In al-Bayda, at least 50 people had been "summarily executed, shot to death, stabbed or set on fire" on Thursday, it said.
The killings were carried out by government troops, supported by pro-government militiamen known as "shabiha", it added.
"Dozens of civilians from al-Bayda have gone missing, and we don't know whether they have been arrested, killed or fled," said the group's director, Rami Abdul Rahman.
"Many villagers have fled to Sunni districts in southern Baniyas, as there is no refuge for them in Alawite areas."
Mr Abdul Rahman said troops were still in al-Bayda on Friday, conducting house-to-house searches. Telephone and internet services to the village had been cut, he added, making it difficult to verify reports.
Syrian state media reported that "a number of terrorists" had been killed when government forces captured a cache of arms and ammunition in the area.

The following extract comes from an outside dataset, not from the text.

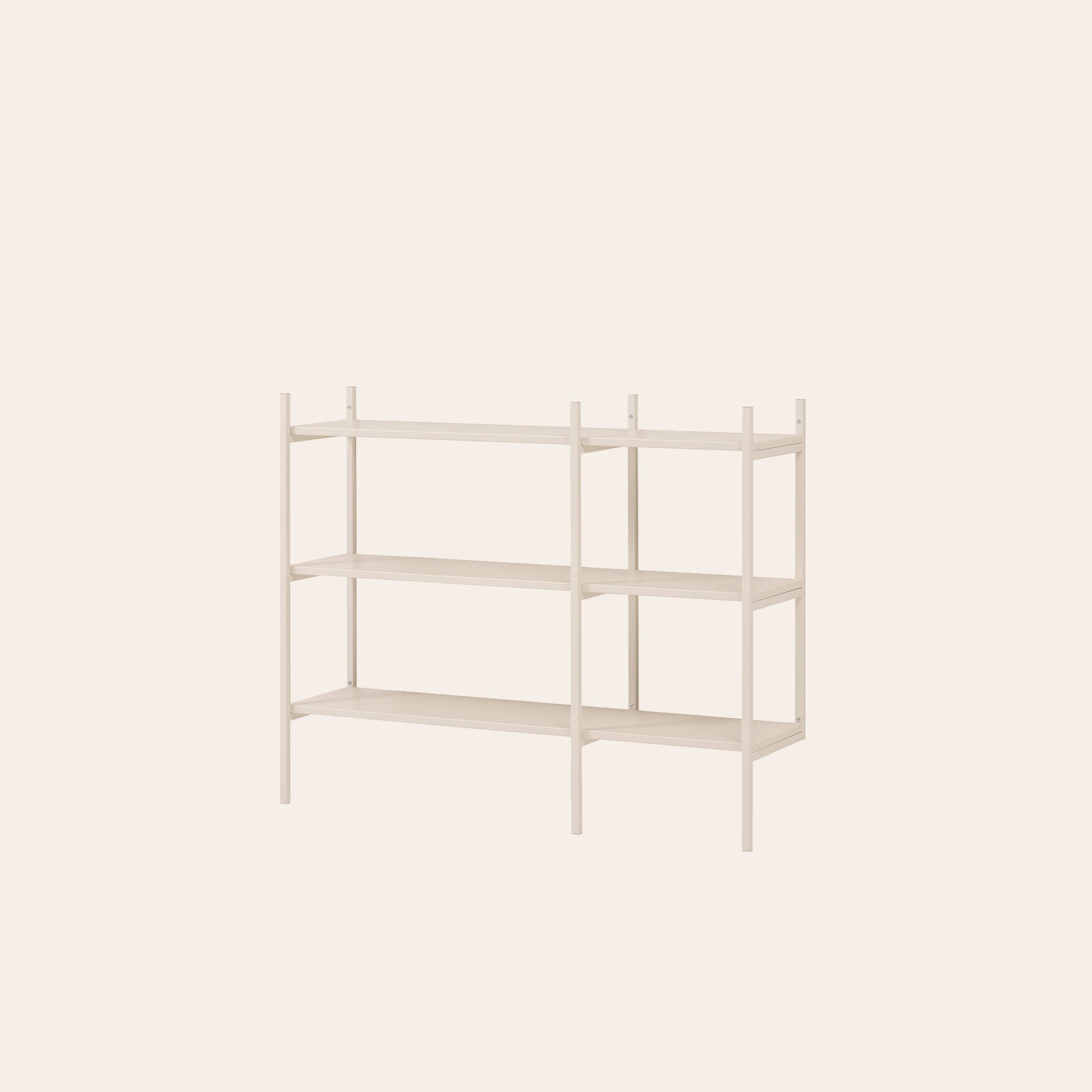 Kleines Bücherregal oder Sideboard in Off-White passt in jeden Raum Ihres Zuhauses. Die niedrige Höhe eignet sich perfekt für eine Lampe, ein Stillleben oder einen Stapel Kunstbücher. Dieses Regal ist 123 cm breit.

Al-Bayda is reportedly a predominantly Sunni Muslim village located in an area inhabited largely by members of President Bashar al-Assad's Alawite sect, a heterodox offshoot of Shia Islam.
The BBC's Jim Muir, who is neighbouring Lebanon, says the alleged incident highlights the sectarian nature of Syria's conflict, as the Alawite-dominated government struggles for survival against an uprising rooted in the majority Sunni community.
Our correspondent says another incident likely to fuel sectarian tensions has been reported on Facebook - the desecration of a shrine near Damascus for a revered figure among Shia, Hajar ibn Adi.
Meanwhile, on the outskirts of Damascus on Friday, state media reported that rebels fired two rockets at the international airport.
The report said the rockets damaged a commercial aircraft and set a fuel depot on fire before the blaze was brought under control.
On Thursday, President Barack Obama said the US would look at all options to end the conflict in Syria. US Defence Secretary, Chuck Hagel, said Washington was rethinking its opposition to arming the rebels.
Mr Obama said he would not rush into a decision, and wanted to ensure action did not make the situation in Syria more deadly or complex.
More than 70,000 people have died over the last two years in Syria, according to the UN. More than a million have fled the country, with millions more displaced internally.